Plan to replace Freeport Tavern with apartments wins approval

Proposed view from across Morrissey Boulevard

Proposed view from across Morrissey Boulevard, by Cube3.

The Zoning Board of Appeal on Tuesday approved a developer's plans to replace the Freeport Tavern on Morrissey Boulevard with 219 apartments - some 110 of them studios.

"That's a very large number of studios," board Chairwoman Christine Araujo said, noting that while studios were all the rage in other Boston neighborhoods three years ago, these days developers in the rest of the city are concentrating on two-bedroom units.

Jay Russo of developer the Michaels Organization, said his company's research showed a market among young professionals for smaller living, that, when combined with a complimentary shuttle bus to the JFK/UMass Red Line station and Logan Airport and a Blue Bikes station should prove quite attractive to that set.

The studios, along with 88 one-bedroom units and 28 two-bedroom units will sit in a building with two wings, one five stories, the other six, with a view on one side towards Dorchester Bay.

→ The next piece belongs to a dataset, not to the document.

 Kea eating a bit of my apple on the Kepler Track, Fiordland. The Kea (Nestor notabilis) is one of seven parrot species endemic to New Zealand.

The building will have 136 parking spaces. The side of the complex facing the Expressway and a planned bike path will have an "art mural wall."

The mayor's office and the office of Councilor Frank Baker supported the proposal. The BPDA board had earlier approved the project.

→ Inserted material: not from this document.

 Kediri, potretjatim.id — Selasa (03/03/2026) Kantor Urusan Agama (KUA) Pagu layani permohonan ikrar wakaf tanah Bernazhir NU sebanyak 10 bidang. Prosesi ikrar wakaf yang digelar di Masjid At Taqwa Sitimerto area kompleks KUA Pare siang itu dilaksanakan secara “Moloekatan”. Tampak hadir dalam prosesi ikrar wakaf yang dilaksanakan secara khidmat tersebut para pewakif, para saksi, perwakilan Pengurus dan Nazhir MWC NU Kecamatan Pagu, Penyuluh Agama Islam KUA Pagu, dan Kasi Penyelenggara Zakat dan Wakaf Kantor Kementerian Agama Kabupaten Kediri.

One person who opposed the project was Maria Lyons, who served on the advisory board the BPDA set up for the project. She said that Dorchester is already cut off form its waterfront by the Southeast Expressway, Morrissey Boulevard and the train tracks and that the zoning board was setting a bad precedent that could lead to a wall of buildings that would just further cut off the neighborhood from its eponymous bay.

Lyons actually spoke after the board voted unanimously to approve the project, due to an apparent snafu with its Webex online conferencing system, in which nobody noticed Lyons had her virtual hand up until she began complaining loudly verbally. However, the board did not change its vote after she did speak.